Добавление к книге «Жена»

Очевидно, мои писания о жене будут становиться все более банальными. Или не будут избавлены от вынужденных повторений. Ведь все, что нужно, вошло в текст книги, а один из главных писательских приемов — выбор и отсечение лишнего. Раз что-то не вошло, значит, не прошло кордон этого критерия. Я старался, чтобы главки были короткими, стремительными и без обычного для меня умствования, чего Танька не любила.              

Но меня неудержимо тянет рассказывать о том, о чем я помню или вспоминаю по тому или иному поводу, в том числе, на первый взгляд, микроскопическому. Таньку, очень любившую свою мать, Зою Павловну, раздражал ее один речевой оборот. Вспоминая кого-то из уже умерших родственников или знакомых, она добавляла: как говорила Марья Ивановна, покойница. Зачем эта «покойница», ведь мама вспоминает живого человека, зачем ему прикреплять эту бирку, делающую акцент на ее — в будущем — смерти. Так обо всех, кто когда-то жил, можно говорить: покойник или покойница. Александр Сергеевич, покойник, раз приобнял Наталью Николаевну, покойницу, и говорит. Глупо. Это при том, что сама Зоя Павловна была мало того, что нерелигиозной, так и с неодобрением воспринимала неофитские поползновения младшей своей дочери и сестры Тани — Наташи.

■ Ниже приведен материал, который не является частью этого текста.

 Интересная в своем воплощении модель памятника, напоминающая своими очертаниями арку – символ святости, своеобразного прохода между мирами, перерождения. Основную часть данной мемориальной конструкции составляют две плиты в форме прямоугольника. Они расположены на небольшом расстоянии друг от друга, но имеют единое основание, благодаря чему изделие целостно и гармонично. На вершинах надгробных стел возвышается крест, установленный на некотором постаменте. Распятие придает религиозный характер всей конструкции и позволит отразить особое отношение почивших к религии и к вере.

Я вспомнил об этом, думая о своей Таньке и одновременно вспоминая ее живой и здоровой, но как бы через пелену то ли слез, то ли знания о будущем. В ее смерти есть целый ряд почти издевательских или просто странных совпадений. Она трепетно, как многие, пожившие при совке, относилась к Новому году, одному из немногих не идеологических советских праздников, отмечая не только его, как календарную метку, но и как выход за советские флажки. И вот надо было судьбе так подгадать, чтобы она умерла 1 января, а 31 декабря, которое я провел у ее постели, ей было так плохо, что мы даже не вспомнили о празднике, хотя я последние годы пытался им манкировать, тяготясь привычкой есть и пить ночью. Поэтому мы чаще всего отмечали его по русскому времени, в наши 4 дня, а затем смотрели, как запускают шар на Times Square, выпивали что-то символическое и шли в постель.

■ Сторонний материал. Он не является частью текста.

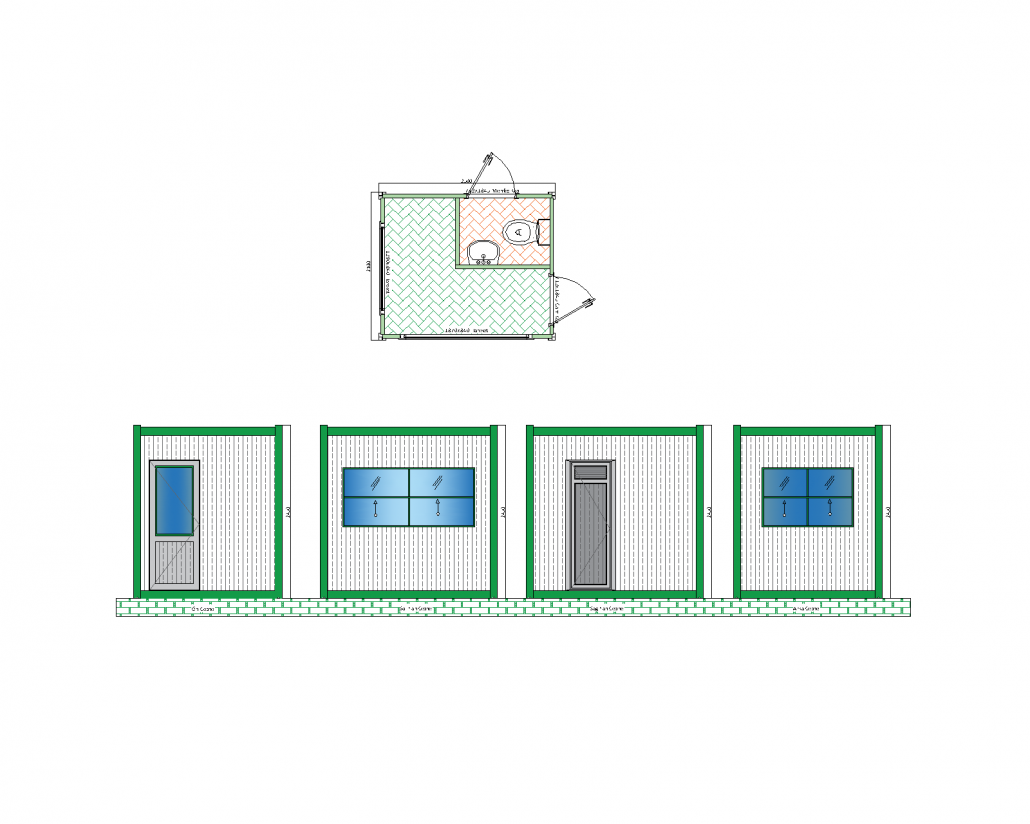 This panel cabin is designed to meet various needs with its functional and durable structure. Thanks to its glass door on its wide front facade and windows on the side facades, it provides a comfortable work or rest area by filling the interior with natural light. Its interior design is designed to meet basic needs such as sink and toilet. Thus, it can be used both as a work area and as a toilet cabin.

Но в свой предпоследний день Танька была так слаба, что впервые не вспомнила о празднике, не сказала, типа, вот, выздоровлю, тогда и отметим. А последняя фразу, которая стоит у меня в ушах и которой она проводила нас с Милой, женой Алеши: «Все болеют, все поправляются». Так что мы не попрощались даже, хотя, может быть, это и хорошо, она ушла без стона, без жалобы, хладнокровно и мужественно. И я никогда уже не узнаю, боялась, предчувствовала она смерть или просто держала марку или действительно была уверена в себе и хотела жить.

Только теперь, но не сразу, а постепенно, когда ее нет уже полгода, я понимаю, до какой степени одинокую жизнь мы вели в Америке. И одновременно: как много разнообразных социальных ролей она играла в моей жизни. Потому что я не ощущал никакого одиночества, мне абсолютно всего хватало, ибо мой день делился между ежедневной работой-писанием и всем остальным, что я делал вместе с Танькой.

Жена и так исполняет слишком много ролей — она и подружка и любовница, и хранитель воспоминаний, и хозяйка дома, компаньон почти во всех затеях и собеседник, с которой такой говорун, как я, обсуждает почти все мысли, которые приходят в голову и проходят апробацию именно в этом диалоге.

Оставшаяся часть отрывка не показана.